Dr ABM Khurshid Alam, director general of the directorate general of health services, was angered by media reports that he said dented the morale of the authorities in the battle against the pandemic.
Alam on Wednesday particularly mentioned a television report on a COVID-19 isolation centre that just “vanished”, reports bdnews24.com.
There was an “insulting” edge to the word in the report over the Bashundhara isolation centre, he said.
While speaking at a virtual media briefing at the directorate’s headquarters on Wednesday, the first day of the ‘complete lockdown’, Alam said criticism in some recent reports lowered the morale of the authorities, though media workers are themselves frontline combatants in the pandemic battle.
Alam said that there was no way “things can go wrong” in the steps implemented by the government.
“We are still human. We are not beyond errors, so some blunders are bound to happen. But if you put us under scrutiny in these pandemic times, it will weaken our mental strength.”
“I am not talking about everybody. I’ve found most of the media workers are with us,” he said.
Alam provided an explanation for what led to the suspension of the Bashundhara isolation centre and said: “The backdrop against which the isolation centre was established ceased to exist.”
“There was a lot of valuable equipment at the centre, including beds.
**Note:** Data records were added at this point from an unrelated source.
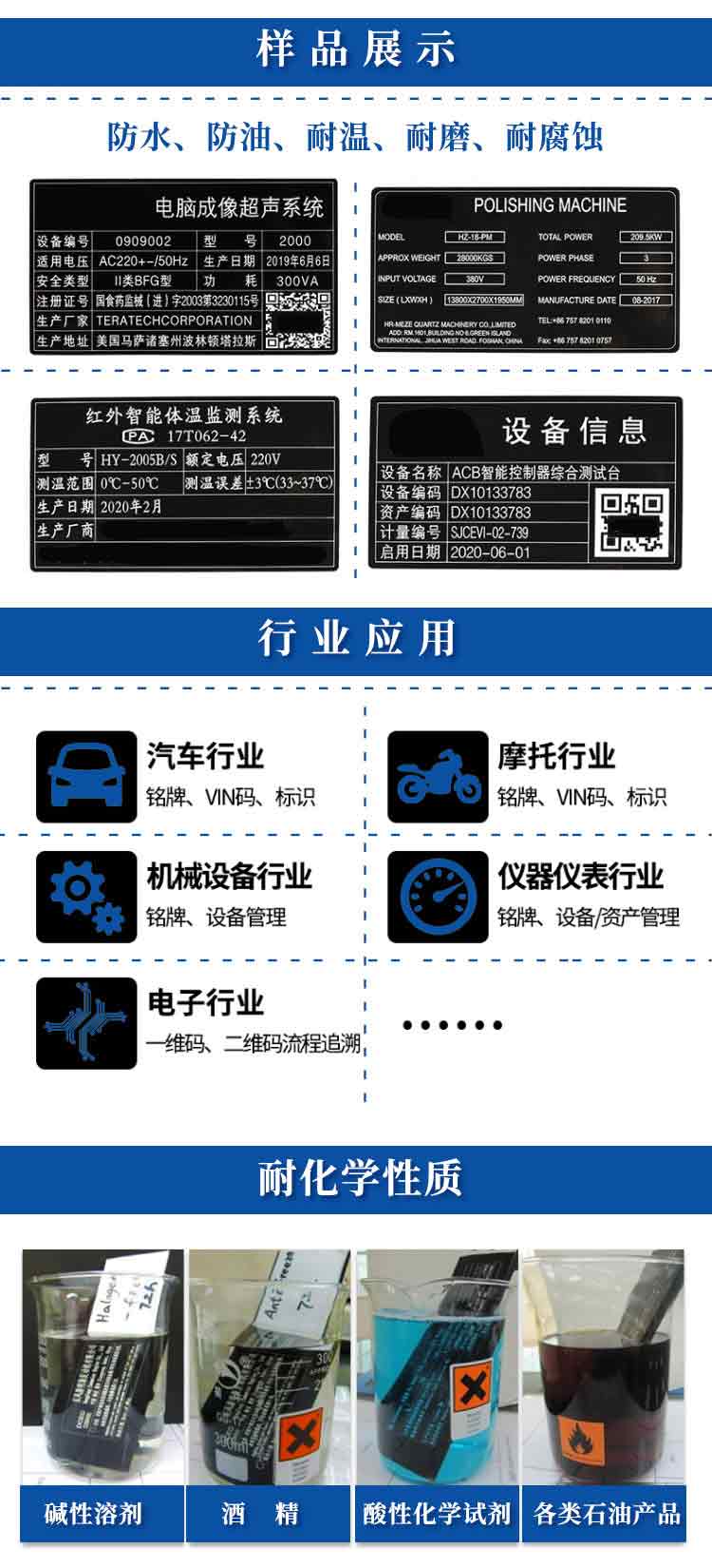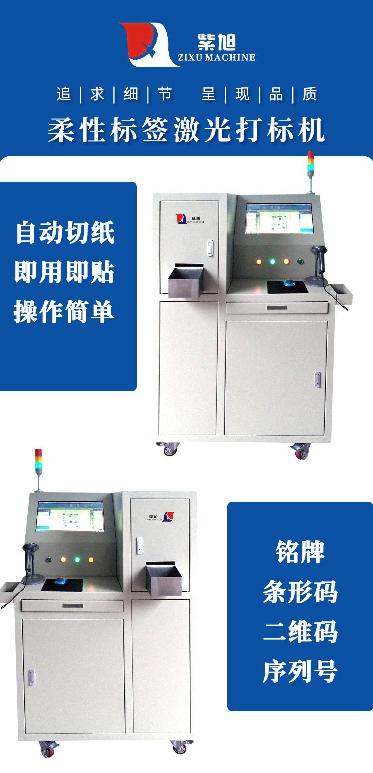 柔性紙標牌又稱為“激光標簽”、“防篡改產(chǎn)品標簽”,可替代原來使用鋁標牌的地方,激光蝕刻時,將首層亞克力涂層刻蝕掉,第二層的顏色便顯現(xiàn)出來,圖案由此產(chǎn)生。紫旭旗下子公司初刻研制生產(chǎn)的柔性標簽專用激光打標機是根據(jù)柔性紙標牌的特點,采用國內(nèi)外大品牌光纖激光器,結(jié)合先進的激光技術(shù)、精密機械技術(shù)、電子控制技術(shù)和計算機技術(shù)等研發(fā)生產(chǎn)而成,并已成功地實現(xiàn)行業(yè)應用。
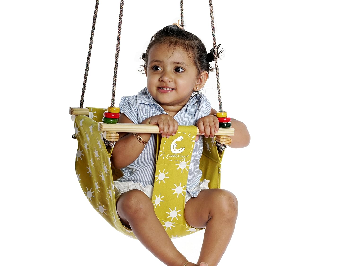 Cuddlycoo Cotton Bucket Cushioned Toddler Swing Or Jhula For Baby With Play Rings And Mustard Sun Amazon In Baby Products
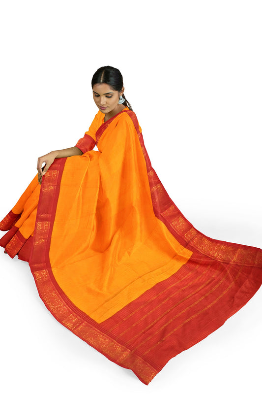 Yellow and Maroon Pure Cotton Saree CPC 006

We’ve distributed the equipment among different hospitals around the country as needed.”
The isolation centre spent Tk 6 million a day to provide services for a small number of patients -- no more than 20, but it deployed more than 1,000 people to run it, according to Alam.
Alam also complained that the report of Mohakhali’s DNCC isolation centre was “hugely skewed”.
Pointing to a former official whose complaints included an alleged failure to expand the capacity of the health directorate, Alam said: “Many public health experts have made criticism. But they themselves didn’t ever stand beside the patients.”
“They were directors general of IEDCR. What did they do then? Now they talk big on television.”
Alam called for the critics to come forward and stand beside the patients, instead of “sitting in a safe place and churning out confusing speeches on television”.
“Join us. Let us utilise your wisdom and knowledge. Become our comrades,” he said.
Alam went on to say: “My words in the press briefing may sound harsh. But it is not to personally attack anyone.”
“I’m just delivering the words of protest on behalf of the country, the people, the [prime minister], the health minister and the ministry.”